WHAT YOU WILL DO: Once the pictures are set aside, transcribe each line of the data exactly.

DATA BELOW:
/---

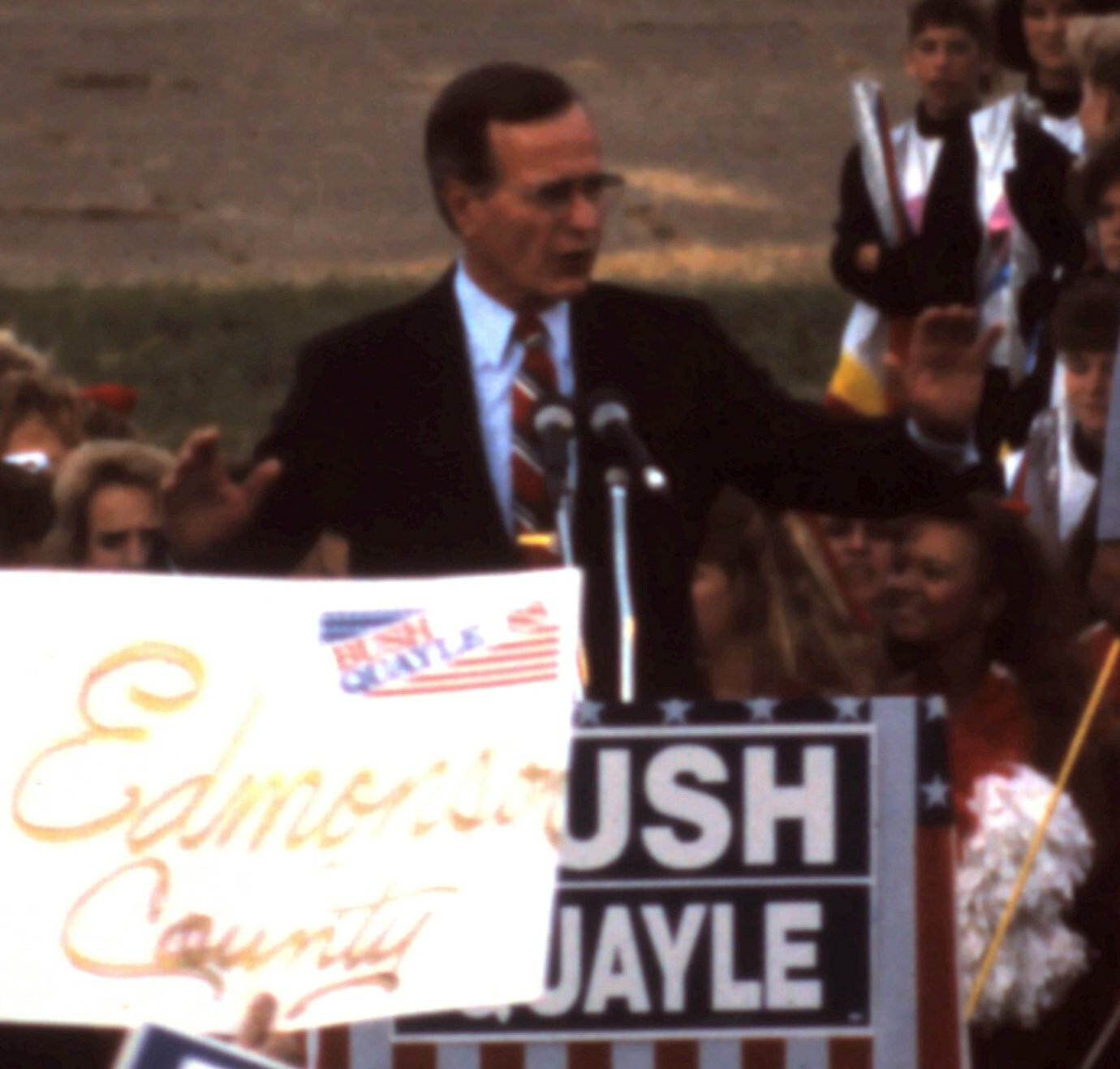 George Bush campaigning for President in 1988 in Owensboro, Kentucky.
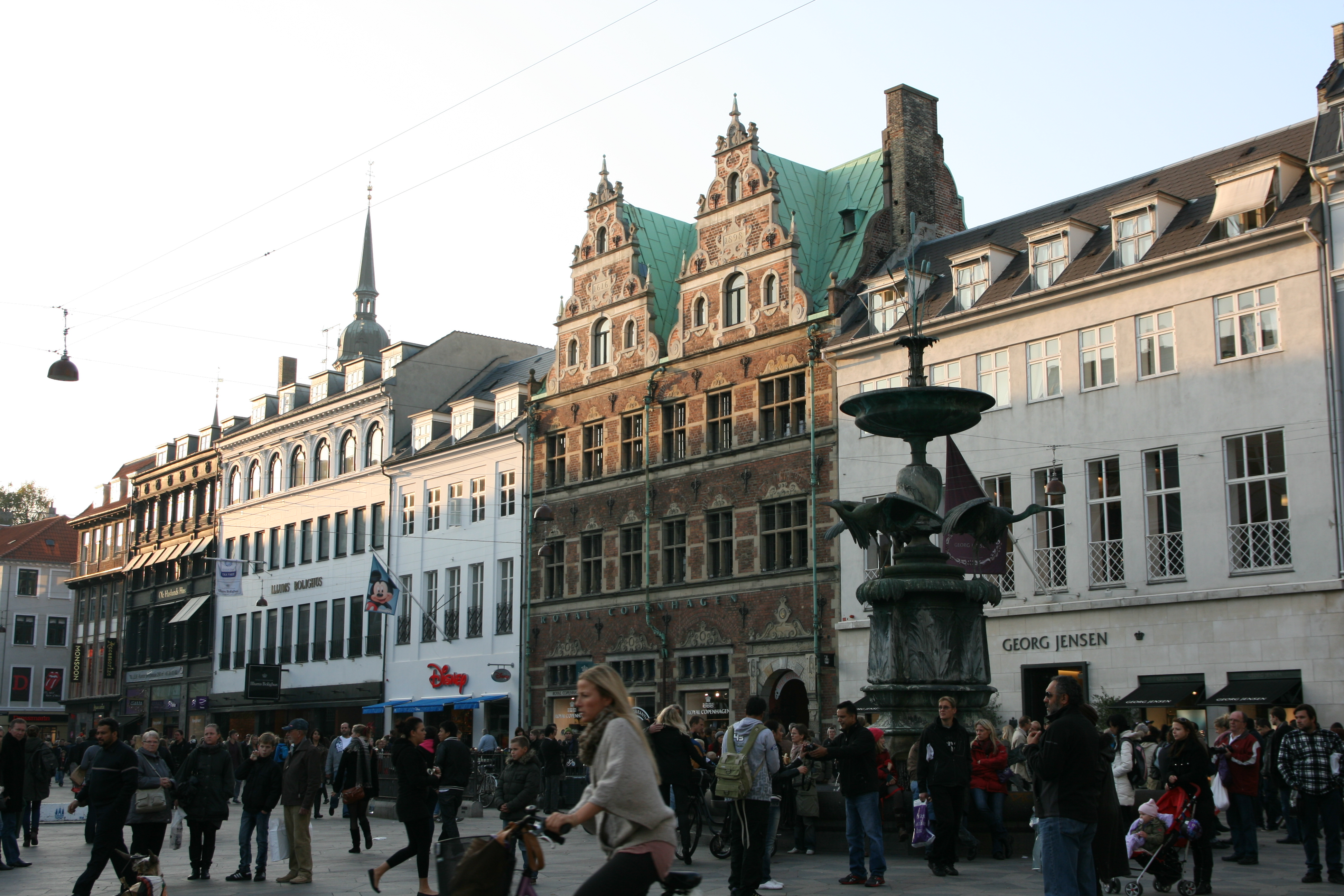 Amagertorv in Copenhagen with the Stork Fountain and the Royal Copenhagen flagship store
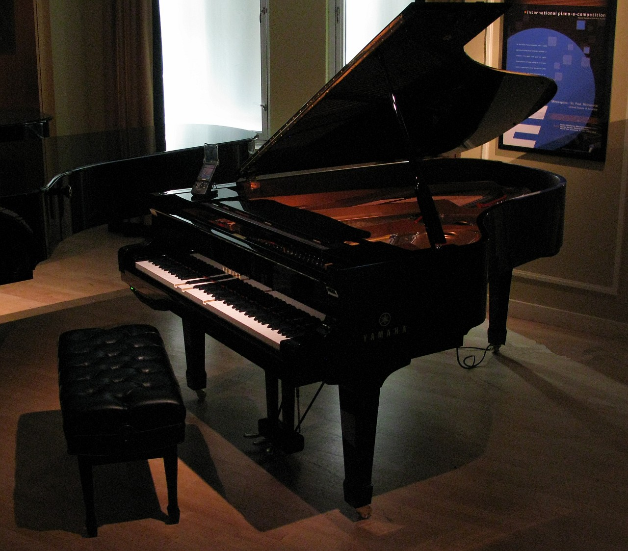 A Yamaha Disklavier Model DC6 Mark IV Pro is shown in action.

\---

RESPONSE TO THIS TASK:
 George Bush campaigning for President in 1988 in Owensboro, Kentucky.
 Amagertorv in Copenhagen with the Stork Fountain and the Royal Copenhagen flagship store
 A Yamaha Disklavier Model DC6 Mark IV Pro is shown in action.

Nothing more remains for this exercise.